The life of Edmund Allenby, a soldier and a statesman, in many ways anticipated the trials of his first biographer, Archibald Wavell. Born of "old-rooted English stock," Allenby grew into a tall, barrel-chested young cavalry officer. He served among the first generation of officers in which attendance at Staff College, rather than purchase, ensured promotion. He loved literature, the outdoors, and hunting; his letters to his wife rarely depict warfare, but often mention nature. Allenby's first experience in a contest of arms occurred during the Boer War of 1899-1902. He served ably, but more importantly he developed connections with the soldiers who later became the key officers of the First World War.
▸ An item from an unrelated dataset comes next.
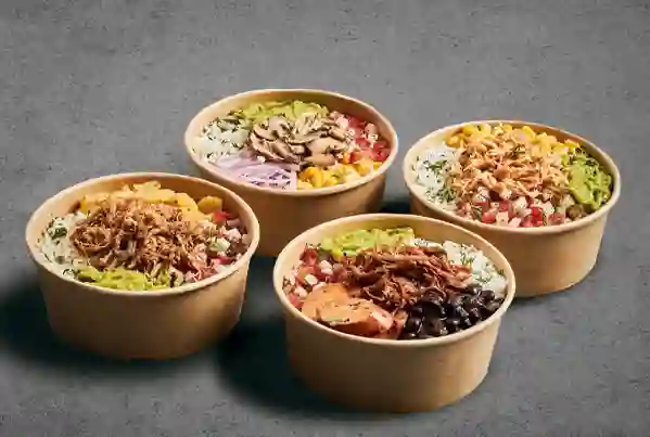 Arroz con cilantro, guacamole, pico de gallo (cebolla blanca, tomate y cilantro), maíz tierno, hogo y pechuga de pollo desmechada

Such connections helped ensure his promotion through the ranks. When the Great War began he immediately assumed command of a division of cavalry as a major-general. But the weight of command transformed his personality, so that an "easy-going young officer and a good-humoured squadron leader [became] a strict colonel, an irascible brigadier, and an explosive general." Out of fear and resentment, his men coined him "The Bull." The early years of the First World War cemented his reputation, as thousands of men died under Allenby's command as he bluntly executed orders from above. The year 1917 proved particularly fateful. Allenby began the year with serious losses at the Battle of Arrass, removal from the Western front, and the loss of his only son to German artillery shells; Allenby ended the year in the Middle East with the conquest of Jerusalem. The next year, he conquered Damascus. Given fresh resources and a weakened enemy, Allenby commanded one of the most decisive and efficient campaigns in the history of modern warfare as he swept up the Mediterranean coast and destroyed the Ottoman Empire. His relentless energy provided the Egyptian Expeditionary Force with the necessary momentum to decisively defeat the enemy.
T.E. Lawrence's Seven Pillars of Wisdom gives a far more heroic portrait of Allenby than Wavell does here; in fact, Wavell goes to great lengths to temper Lawrence's praise with a sober assessment of Allenby's flaws: his zeal for rules, loyalty, and unquestioned service. Wavell writes with praise, and yet a subtle sense of irony creeps into the biography, as though Wavell no longer believes in greatness. While it lacks the humor of some of Wavell's other works, the book sustains interest as a surprisingly impersonal reflection on Wavell's views of military and civilian leadership.
Archibald Wavell (Field Marshal, Viscount, and Viceroy of India) published his two volume biography of Field Marshall Edmund Allenby in the midst of his own challenges. Wavell served under Allenby in the First World War as a liaison and a staff officer with the Egyptian Expeditionary Force. As Wavell finished the first volume of the biography, he served as Commander in Chief in the Middle East, a status similar to the command Allenby once held. As Wavell finished the second volume, he held the Viceroyalty of India, a status somewhat greater than Allenby's eventual post of High Commissioner of Egypt and the Sudan.